At present, See3D students are not particular about the colors used for a given model. Rather, to be economical, they are inclined to simply use a color until the roll of filament is used up.
The goal of See3D is to build a collaborative network of high school students who can produce the 3D models for teachers of the visually impaired and blind individuals themselves who request them.
The Bottom Line
Caroline had been given my name by other blind people in Cincinnati and contacted me to ask if I'd like to receive any of the 3D models. After our first conversation, she sent me a Cinderella castle and a butterfly.
The professional nature of the packaging surpassed that of some for-profit companies shipping products to blind and low vision individuals.
On the outside of the package were braille labels, so that I immediately knew it was the package sent by Caroline of See3D. Inside, the models were protectively wrapped. There was a braille letter (Caroline's grade 2 braille was not perfect, but absolutely clear) along with business cards that bore both print and braille contact information.
The models themselves are delightful. There is something mesmerizing about the butterfly in particular. Each time I pick it up, I find running my fingers over its wings and antennae somewhat irresistible.

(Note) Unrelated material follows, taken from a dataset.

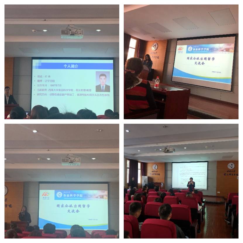 交流会期间,经理助理付余老师和大家分享了自己申请国家公派留学项目和在丹麦留学的感受,研究生教学秘书陈璐老师向同学们讲解了在校申请需要做的准备,18级食品研究生肖丽师姐向大家讲述了自己申请公派留学项目的经历。大会最后,由研究生院培养办公派负责人张远英老师指导,为同学解答了对国家公派留学项目申请中存在的疑惑。

If you are blind or have significant low vision, reflect for me on a few questions: Can you confidently describe a Disney castle? A butterfly? Shrek? Or a minion? How about the inner layers of the earth? Or a particular constellation of stars? Do you have a mental image of the face of Abraham Lincoln or Barack Obama?
The sense of touch (or, more precisely in this context, touch translating for sight) can deliver powerful visual images to the brain, but there are countless images all around us that are well beyond the typical three-foot reach of a human being's arm.
If you would like to request a 3D model for yourself or your students, send your request via email.
Caroline is about to begin her senior year and she is involved in academics, theater, music, golf, not to mention all of the rigorous planning involved in choosing and getting ready for college, but she is passionate about this project and is recruiting more collaborators to help.